__PROBLEM DESCRIPTION__: Transcribe only the lines in the data below falling between the line with "역시... 알리는 사람" and the line with "2737 - وَعَن", including those two lines, and leave out any picture.

__PROVIDED MATERIAL__:
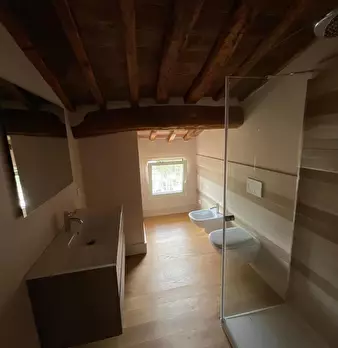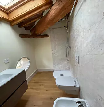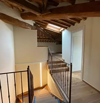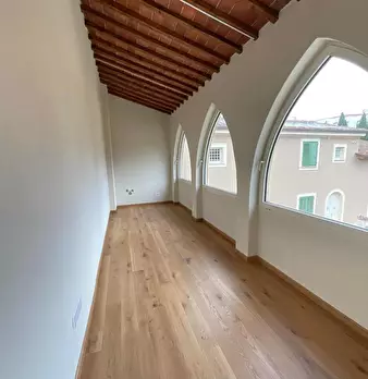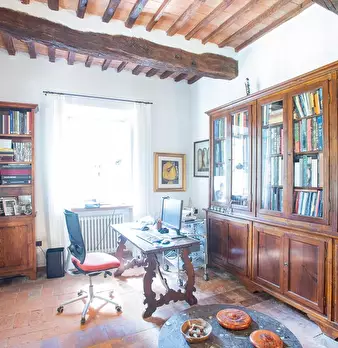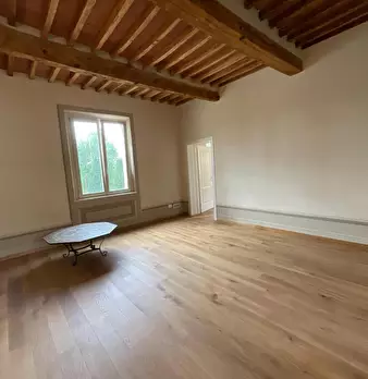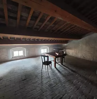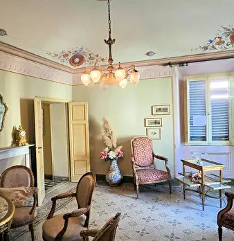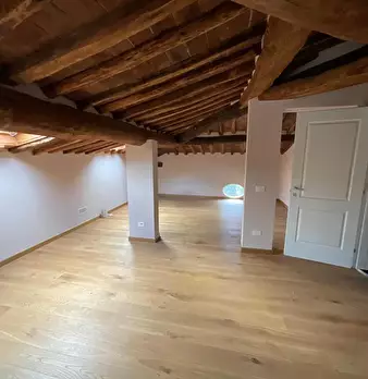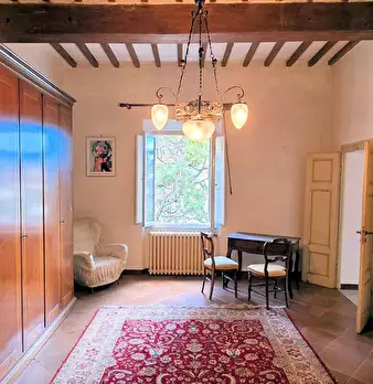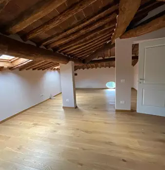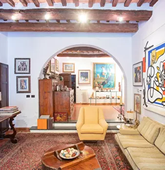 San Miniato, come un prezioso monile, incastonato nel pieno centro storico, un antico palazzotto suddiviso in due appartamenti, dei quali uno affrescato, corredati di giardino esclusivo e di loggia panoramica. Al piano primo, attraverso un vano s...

==

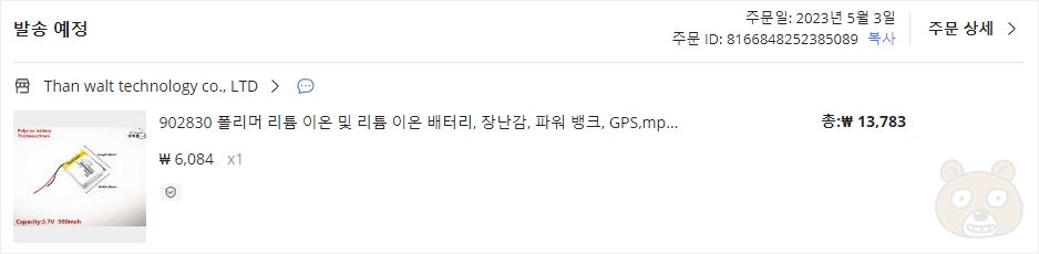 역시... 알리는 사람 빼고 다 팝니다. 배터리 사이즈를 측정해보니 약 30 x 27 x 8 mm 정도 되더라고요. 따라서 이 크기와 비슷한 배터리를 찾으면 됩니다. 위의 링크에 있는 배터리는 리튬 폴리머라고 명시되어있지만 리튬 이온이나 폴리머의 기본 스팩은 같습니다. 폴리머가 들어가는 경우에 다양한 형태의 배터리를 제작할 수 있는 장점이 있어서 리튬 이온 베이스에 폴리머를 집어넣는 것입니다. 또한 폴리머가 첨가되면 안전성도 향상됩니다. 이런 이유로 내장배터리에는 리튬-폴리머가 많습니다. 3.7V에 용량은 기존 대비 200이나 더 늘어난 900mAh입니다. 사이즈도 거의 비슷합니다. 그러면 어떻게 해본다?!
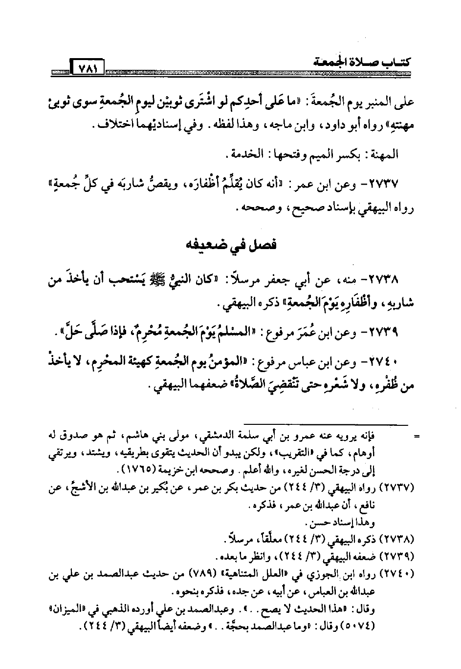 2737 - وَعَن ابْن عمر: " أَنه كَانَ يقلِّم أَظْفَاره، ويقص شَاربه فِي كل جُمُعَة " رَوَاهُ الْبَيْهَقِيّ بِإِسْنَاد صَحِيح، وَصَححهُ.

__ANSWER__:
 역시... 알리는 사람 빼고 다 팝니다. 배터리 사이즈를 측정해보니 약 30 x 27 x 8 mm 정도 되더라고요. 따라서 이 크기와 비슷한 배터리를 찾으면 됩니다. 위의 링크에 있는 배터리는 리튬 폴리머라고 명시되어있지만 리튬 이온이나 폴리머의 기본 스팩은 같습니다. 폴리머가 들어가는 경우에 다양한 형태의 배터리를 제작할 수 있는 장점이 있어서 리튬 이온 베이스에 폴리머를 집어넣는 것입니다. 또한 폴리머가 첨가되면 안전성도 향상됩니다. 이런 이유로 내장배터리에는 리튬-폴리머가 많습니다. 3.7V에 용량은 기존 대비 200이나 더 늘어난 900mAh입니다. 사이즈도 거의 비슷합니다. 그러면 어떻게 해본다?!
 2737 - وَعَن ابْن عمر: " أَنه كَانَ يقلِّم أَظْفَاره، ويقص شَاربه فِي كل جُمُعَة " رَوَاهُ الْبَيْهَقِيّ بِإِسْنَاد صَحِيح، وَصَححهُ.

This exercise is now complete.